▶ **How to complete this task**:
This exercise asks for an exact copy of the lines from the one containing "Gehry introduced his" through the final line of the material, with pictures omitted.

▶ **Provided data**:

::::::::

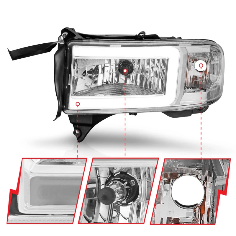 ANZO 94-02 Dodge RAM Crystal Headlight - w/ Light Bar Chrome Housing
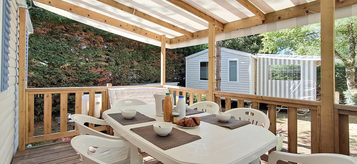 Mobil home au calme dans un cadre naturel et verdoyant entre mer et forêt. Un séjour de détente entre famille et/ou amis. Diverses activités sont proposées au sein du camping. Un minimum de deux nuits ( hors saison) et mini 4 nuits en saison et un maxi de trois semaines consécutives. À votre disposition un barbecue à gaz, télévision, un kit démarrage offert (éponge, papier toilette, chiffonnette et sac poubelle), grand frigo, cafetière, torchon et essuie main . Lits fait à votre arrivée
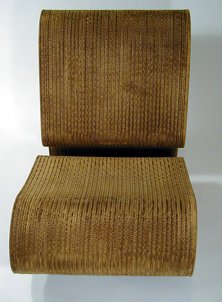 Gehry introduced his “Easy Edges” series in 1969 as a means of mass-producing furniture composed of an unusual but inexpensive material. The furniture, such as this lounge chair, was made of layered corrugated cardboard strengthened on its flat sides by Masonite, allowing the textured edges to remain visible. Although he intended the series as an inexpensive alternative to popular bentwood furniture, Gehry discontinued it in 1973 when sale prices became too high.
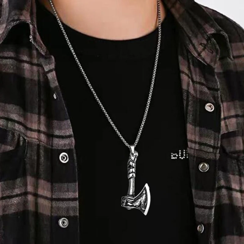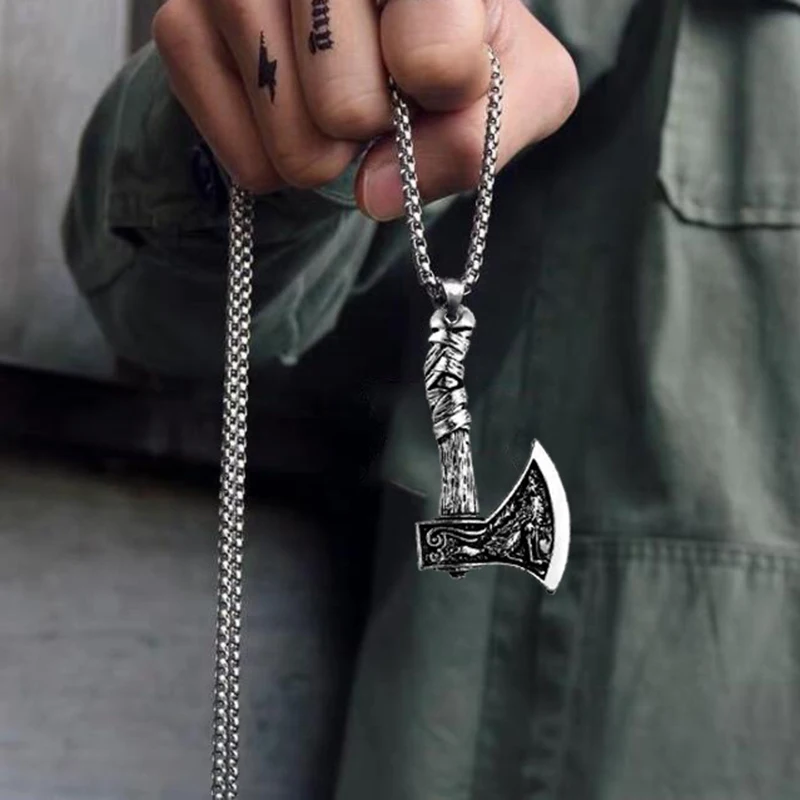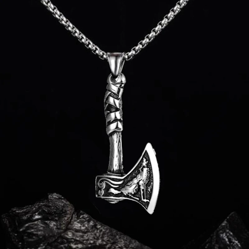 Punk Style men's Necklace With Viking Axe Pendant Silver Color Vintage Wolf Pattern Hip Hop Rock Jewelry Neck Accessories Gifts

::::::::

▶ **Output for this exercise**:
 Gehry introduced his “Easy Edges” series in 1969 as a means of mass-producing furniture composed of an unusual but inexpensive material. The furniture, such as this lounge chair, was made of layered corrugated cardboard strengthened on its flat sides by Masonite, allowing the textured edges to remain visible. Although he intended the series as an inexpensive alternative to popular bentwood furniture, Gehry discontinued it in 1973 when sale prices became too high.
 Punk Style men's Necklace With Viking Axe Pendant Silver Color Vintage Wolf Pattern Hip Hop Rock Jewelry Neck Accessories Gifts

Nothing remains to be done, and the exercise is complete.